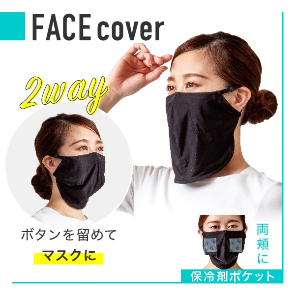 顔から首元までしっかりとケア。一枚でフェイスカバーとマスクの2way仕様。風通しが良く日中の野外活動が快適になります。
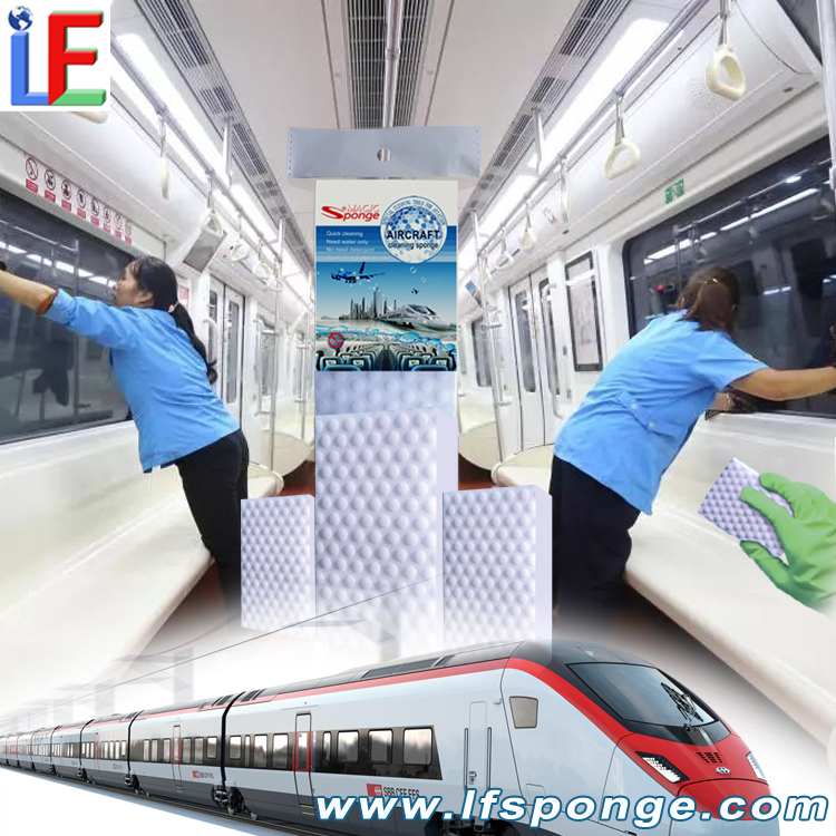The train melamine sponge uses a new type of cleaning material of compress melamine sponge. Durable material and strong cleaning power. Its microfiber filaments can penetrate into the small gaps on the surface of the object during the wiping process, quickly cleaning stubborn dirt and marks, and offers significant cleaning effect.
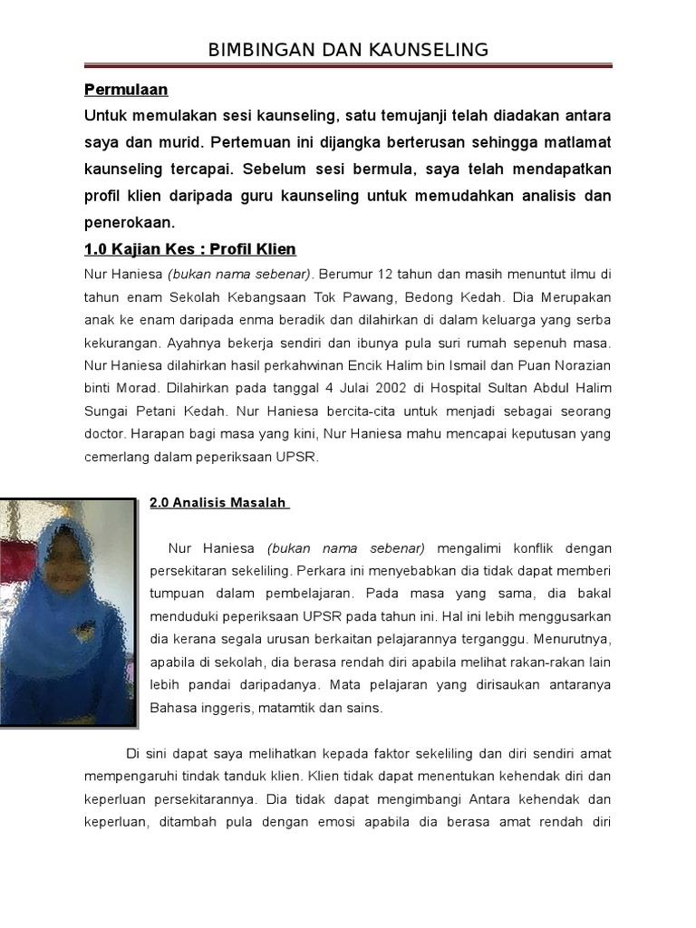 Pdf Laporan Kaunseling Kes Klien
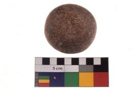 | Description / विवरण | A complete specimen of a sling ball having rough surface and reddish black colour. |
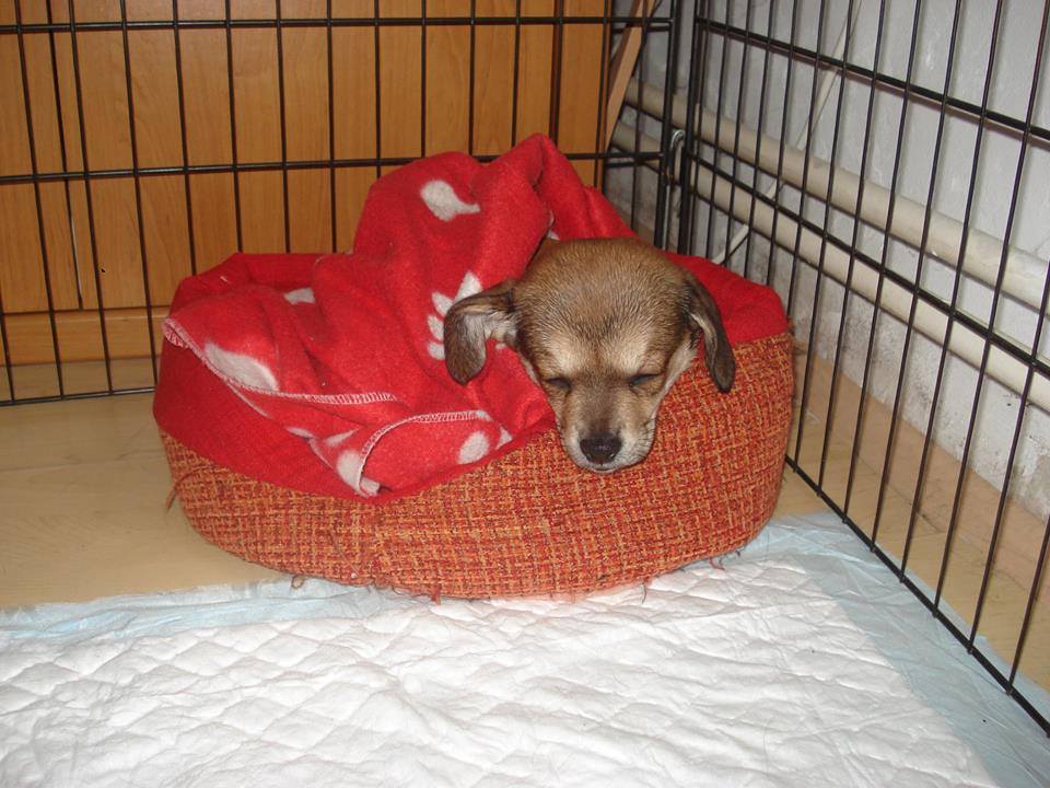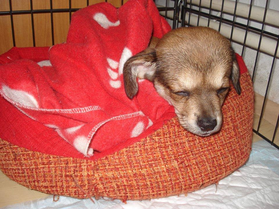 Lottynka je zatím moc unavená, stále polehává a je ráda, že je konečně v teple, nevíme, jak dlouho se toulala, než ji nějaký obyval Hradiště odnesl na policii.
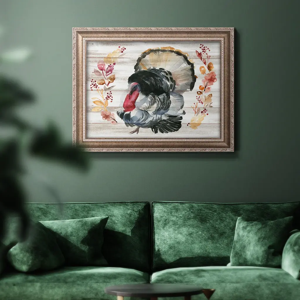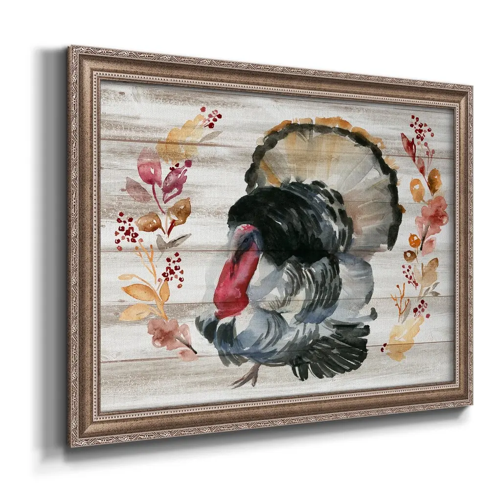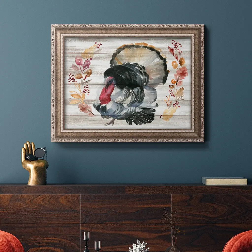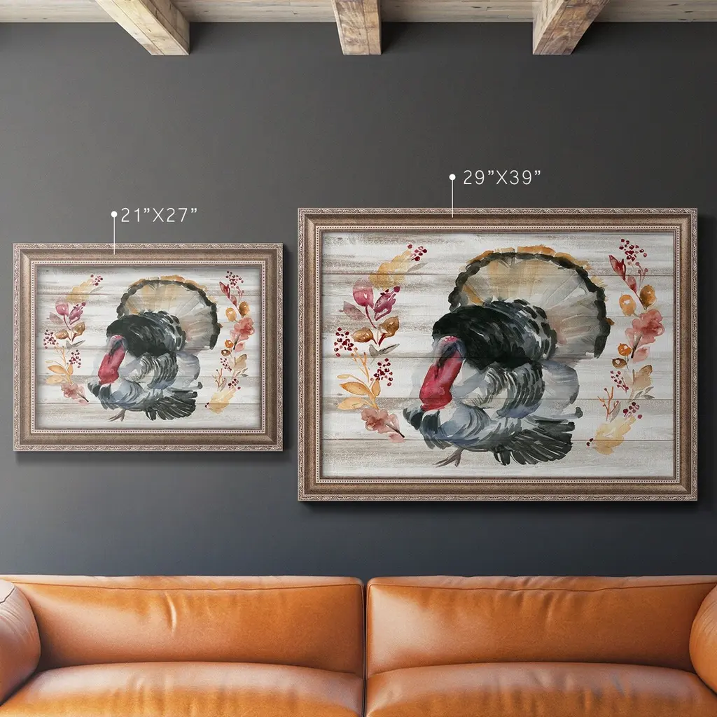 Grateful Thanksgiving IV Premium Framed Canvas- Ready to Hang A Premium Framed Canvas created to last. Framed in distressed wood and available in an array of sizes and colors Featuring a beveled a solid wood stretcher bar, each piece comes ready to hand 3 SIZES AVAILABLE 16''X20'' - Overall Size 18'X27'' - Overall Size 24''x36'' - Overall Size Each piece is made to order. Each piece comes with hanging hardware. Made in the USA Ready to Hang Giclee Paper Print Acrylic Glass Beveled Matt Board
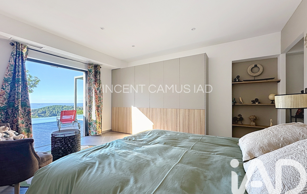 Au sein d’un domaine privé et sécurisé, cette villa contemporaine d’environ 280 m², résolument tournée vers la Méditerranée, offre un cadre de vie unique en position dominante. Dès l’entrée sur la propriété par un joli portail : de vastes espaces de stationnement et deux garages soulignent le caractère prestigieux des lieux.
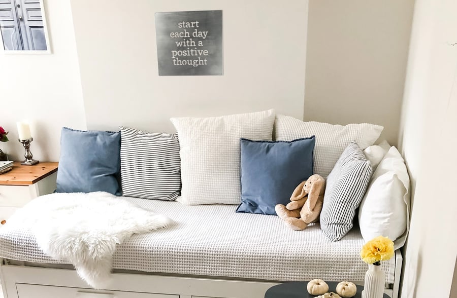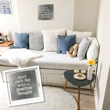 We are lovers of décor that enrich your home with personality and character... and this sign does just that!! We ADORE the font of the lettering and the sweet message! This sign reads “start each day with a positive thought” and we couldn’t have said it better!
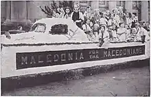 MPO's Articles of Incorporation from 1925 defined its purpose as follows: "For the mutual assistance and protection of people of Macedonian race - and for the liberation of Macedonia from political entities - and to foster the ancient right of Macedonia as a state and nation - all as more fully set out in its bylaws[.]"[13] Throughout the next several annual conventions, the delegates finalized the organization's bylaws. The unchanged fundamentals of this document are still guiding the MPO into the third millennium. The first article of the MPO bylaws states: "The Macedonian Immigrants of the United States and Canada, as well as their descendants, regardless of nationality, religion, sex or convictions, realizing the necessity of joint organized activity for the liberation of Macedonia, formed the Macedonian Patriotic Organization with the slogan 'Macedonia for the Macedonians'." The historic phrase "Macedonia for the Macedonians", which was adopted as an official slogan of the MPO, was a proclamation of William Gladstone, who in 1897 expressed his views on the Macedonian Question.
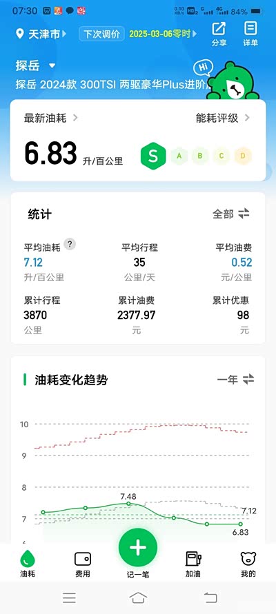 以前在长下坡路,油耗2个3个也是出现过的,这种就不作为参考了。当然市区的油耗就一般了,我用了半年的小熊油耗,将时速油耗对应关系大致总结如下
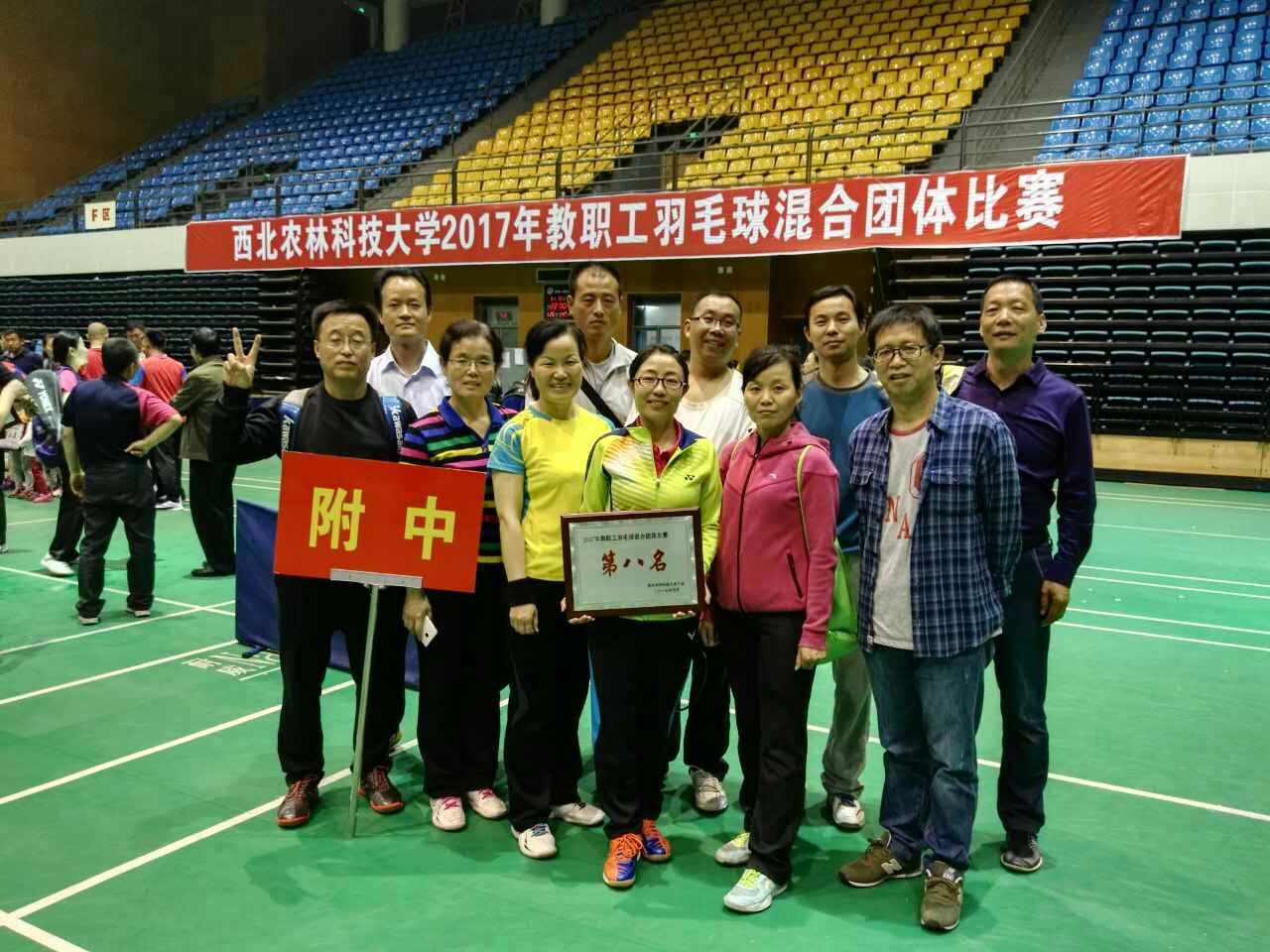 5月14日—18日,西北农林科技大学2017年教职工羽毛球混合团体比赛在南校区体育馆举行。本次比赛共有26支代表队参赛,经过激烈角逐,我校代表队获得第八名。在比赛中,我校教职工团结协作、奋力拼搏,充分展现了我校教职工积极进取、奋发向上的良好精神风貌。
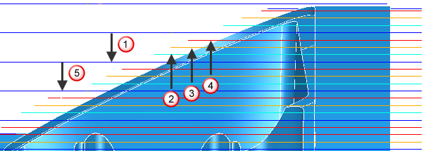 主等高切面照常自上而下切削。中间等高切面则自下而上切削。可以做到这一点,因为其切削深度始终小于主等高切面的切削深度(或下刀步距)。这是切削零件最高效的方法,因为此方法会减少路径数,并增加每个路径的切削深度。
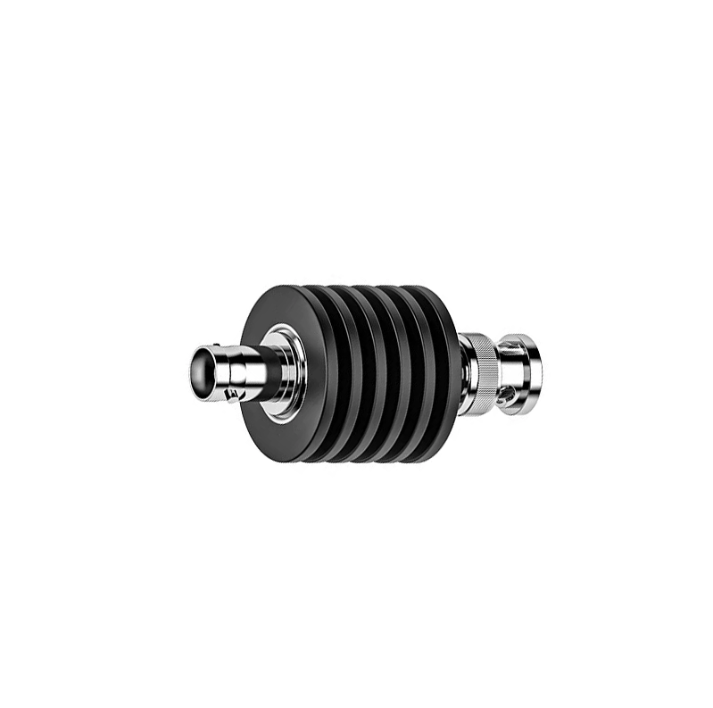 DIN/L29 衰减器 DC-6G 50W | DINMF-06002XX MF表示衰减器 DIN表示连接器 06表示工作频率6GHz 0050表示功率50W XX表示衰减值 | 外导体:黄铜镀镍 内导体:铍铜镀金 绝缘体:PTFE 衰减量:1-10,15,20,30,40dB VSWR≤1.30@6GHz |

- - - - - - -

## Activity
Please take the lines from the beginning of the data above through the line holding "Au sein d’un" and transcribe them exactly, without any pictures.

## Written response
 顔から首元までしっかりとケア。一枚でフェイスカバーとマスクの2way仕様。風通しが良く日中の野外活動が快適になります。
The train melamine sponge uses a new type of cleaning material of compress melamine sponge. Durable material and strong cleaning power. Its microfiber filaments can penetrate into the small gaps on the surface of the object during the wiping process, quickly cleaning stubborn dirt and marks, and offers significant cleaning effect.
 Pdf Laporan Kaunseling Kes Klien
 | Description / विवरण | A complete specimen of a sling ball having rough surface and reddish black colour. |
 Lottynka je zatím moc unavená, stále polehává a je ráda, že je konečně v teple, nevíme, jak dlouho se toulala, než ji nějaký obyval Hradiště odnesl na policii.
 Grateful Thanksgiving IV Premium Framed Canvas- Ready to Hang A Premium Framed Canvas created to last. Framed in distressed wood and available in an array of sizes and colors Featuring a beveled a solid wood stretcher bar, each piece comes ready to hand 3 SIZES AVAILABLE 16''X20'' - Overall Size 18'X27'' - Overall Size 24''x36'' - Overall Size Each piece is made to order. Each piece comes with hanging hardware. Made in the USA Ready to Hang Giclee Paper Print Acrylic Glass Beveled Matt Board
 Au sein d’un domaine privé et sécurisé, cette villa contemporaine d’environ 280 m², résolument tournée vers la Méditerranée, offre un cadre de vie unique en position dominante. Dès l’entrée sur la propriété par un joli portail : de vastes espaces de stationnement et deux garages soulignent le caractère prestigieux des lieux.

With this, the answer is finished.